» **WORK ITEM**
Exact copy, pictures excluded: please retype every record below.
......
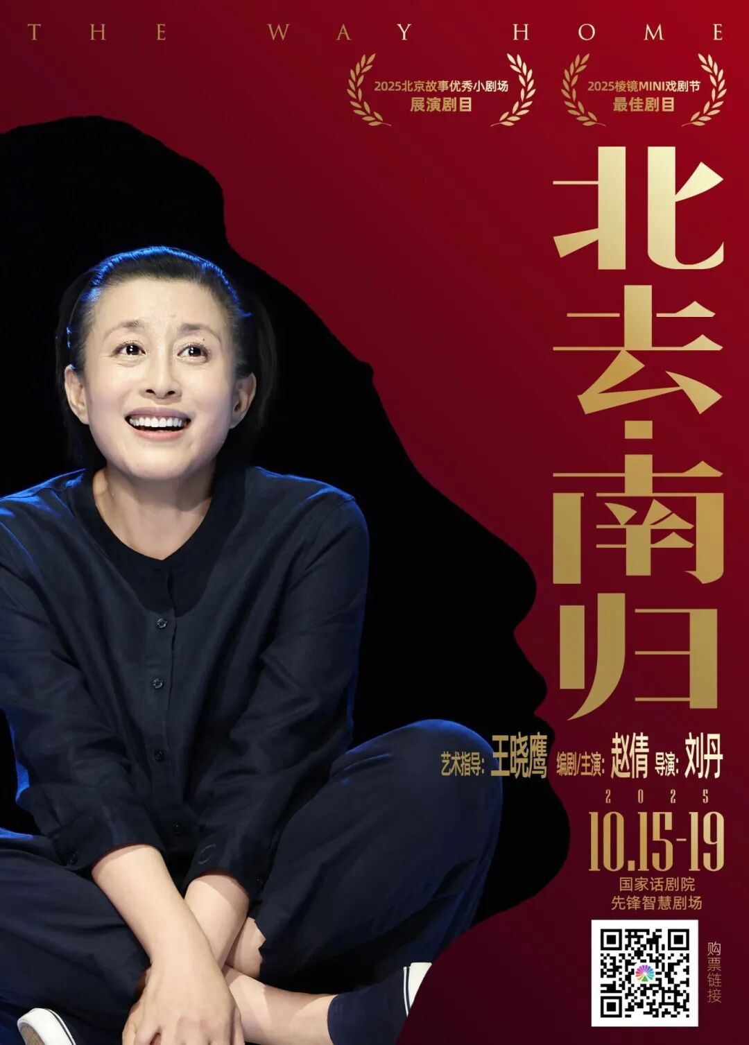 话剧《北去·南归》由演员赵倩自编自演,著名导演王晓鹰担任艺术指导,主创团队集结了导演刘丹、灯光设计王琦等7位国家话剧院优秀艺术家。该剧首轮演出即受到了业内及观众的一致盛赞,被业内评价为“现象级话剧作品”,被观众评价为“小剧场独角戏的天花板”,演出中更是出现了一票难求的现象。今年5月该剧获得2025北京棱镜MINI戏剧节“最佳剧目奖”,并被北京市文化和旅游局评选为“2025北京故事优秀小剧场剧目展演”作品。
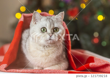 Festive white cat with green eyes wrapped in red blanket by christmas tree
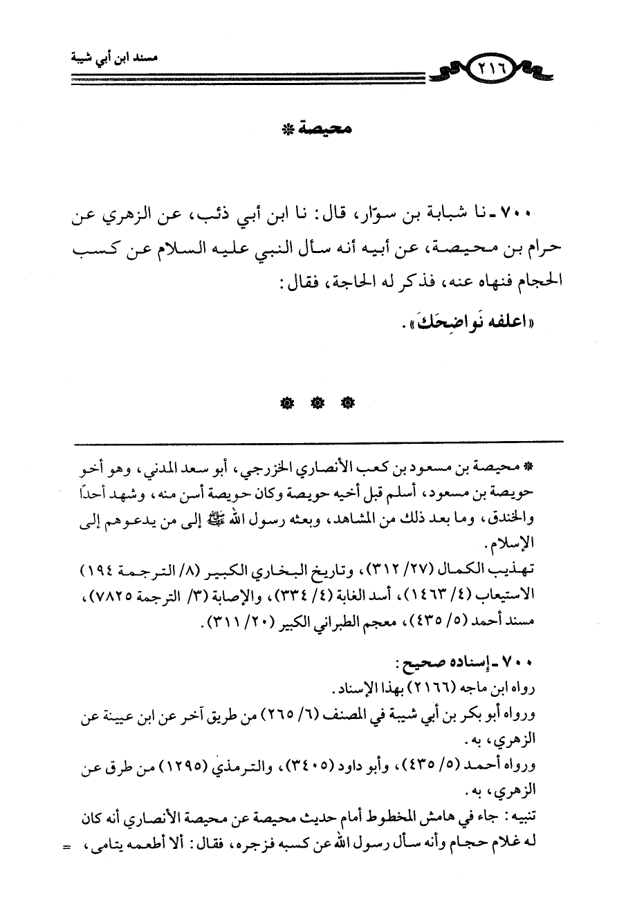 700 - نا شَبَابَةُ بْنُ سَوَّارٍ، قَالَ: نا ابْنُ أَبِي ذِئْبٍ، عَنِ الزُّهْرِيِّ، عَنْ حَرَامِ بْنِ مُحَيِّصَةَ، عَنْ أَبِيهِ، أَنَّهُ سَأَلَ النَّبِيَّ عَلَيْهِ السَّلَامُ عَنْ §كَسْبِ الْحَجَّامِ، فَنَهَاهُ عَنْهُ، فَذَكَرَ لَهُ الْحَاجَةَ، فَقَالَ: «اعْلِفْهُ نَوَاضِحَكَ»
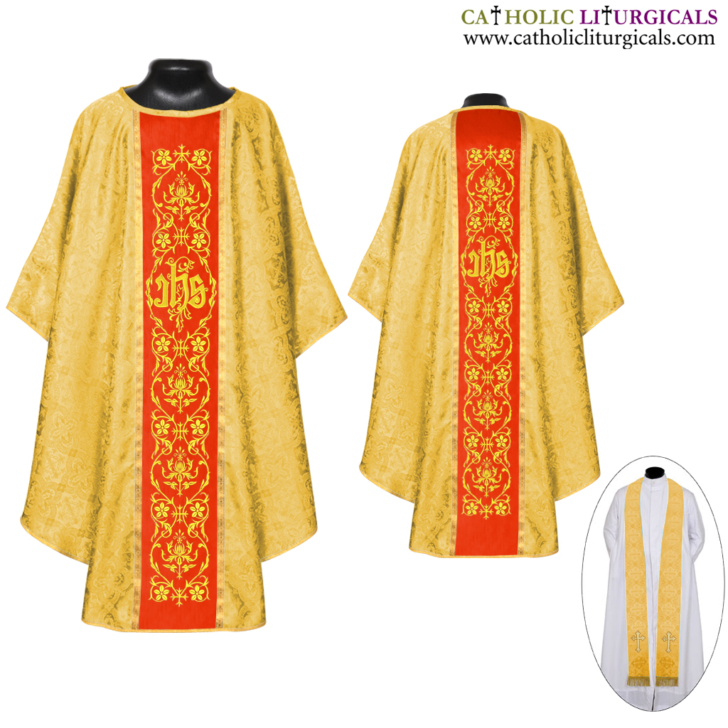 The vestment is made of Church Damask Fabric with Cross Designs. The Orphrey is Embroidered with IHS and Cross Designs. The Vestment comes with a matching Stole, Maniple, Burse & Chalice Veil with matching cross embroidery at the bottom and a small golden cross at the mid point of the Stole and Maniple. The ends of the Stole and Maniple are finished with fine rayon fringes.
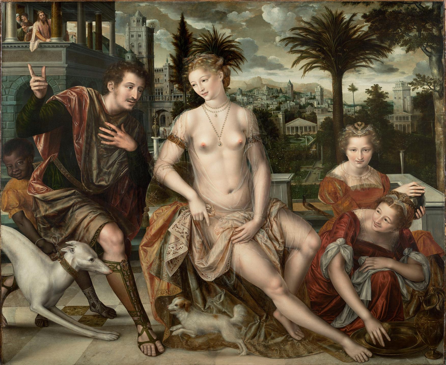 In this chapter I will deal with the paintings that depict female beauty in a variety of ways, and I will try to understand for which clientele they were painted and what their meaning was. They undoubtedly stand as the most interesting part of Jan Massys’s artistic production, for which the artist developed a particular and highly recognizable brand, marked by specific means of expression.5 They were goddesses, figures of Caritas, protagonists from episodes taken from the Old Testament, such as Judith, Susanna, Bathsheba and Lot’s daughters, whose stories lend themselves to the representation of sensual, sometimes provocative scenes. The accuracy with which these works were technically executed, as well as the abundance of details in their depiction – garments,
......
» **WORKED SOLUTION**
 话剧《北去·南归》由演员赵倩自编自演,著名导演王晓鹰担任艺术指导,主创团队集结了导演刘丹、灯光设计王琦等7位国家话剧院优秀艺术家。该剧首轮演出即受到了业内及观众的一致盛赞,被业内评价为“现象级话剧作品”,被观众评价为“小剧场独角戏的天花板”,演出中更是出现了一票难求的现象。今年5月该剧获得2025北京棱镜MINI戏剧节“最佳剧目奖”,并被北京市文化和旅游局评选为“2025北京故事优秀小剧场剧目展演”作品。
 Festive white cat with green eyes wrapped in red blanket by christmas tree
 700 - نا شَبَابَةُ بْنُ سَوَّارٍ، قَالَ: نا ابْنُ أَبِي ذِئْبٍ، عَنِ الزُّهْرِيِّ، عَنْ حَرَامِ بْنِ مُحَيِّصَةَ، عَنْ أَبِيهِ، أَنَّهُ سَأَلَ النَّبِيَّ عَلَيْهِ السَّلَامُ عَنْ §كَسْبِ الْحَجَّامِ، فَنَهَاهُ عَنْهُ، فَذَكَرَ لَهُ الْحَاجَةَ، فَقَالَ: «اعْلِفْهُ نَوَاضِحَكَ»
 The vestment is made of Church Damask Fabric with Cross Designs. The Orphrey is Embroidered with IHS and Cross Designs. The Vestment comes with a matching Stole, Maniple, Burse & Chalice Veil with matching cross embroidery at the bottom and a small golden cross at the mid point of the Stole and Maniple. The ends of the Stole and Maniple are finished with fine rayon fringes.
 In this chapter I will deal with the paintings that depict female beauty in a variety of ways, and I will try to understand for which clientele they were painted and what their meaning was. They undoubtedly stand as the most interesting part of Jan Massys’s artistic production, for which the artist developed a particular and highly recognizable brand, marked by specific means of expression.5 They were goddesses, figures of Caritas, protagonists from episodes taken from the Old Testament, such as Judith, Susanna, Bathsheba and Lot’s daughters, whose stories lend themselves to the representation of sensual, sometimes provocative scenes. The accuracy with which these works were technically executed, as well as the abundance of details in their depiction – garments,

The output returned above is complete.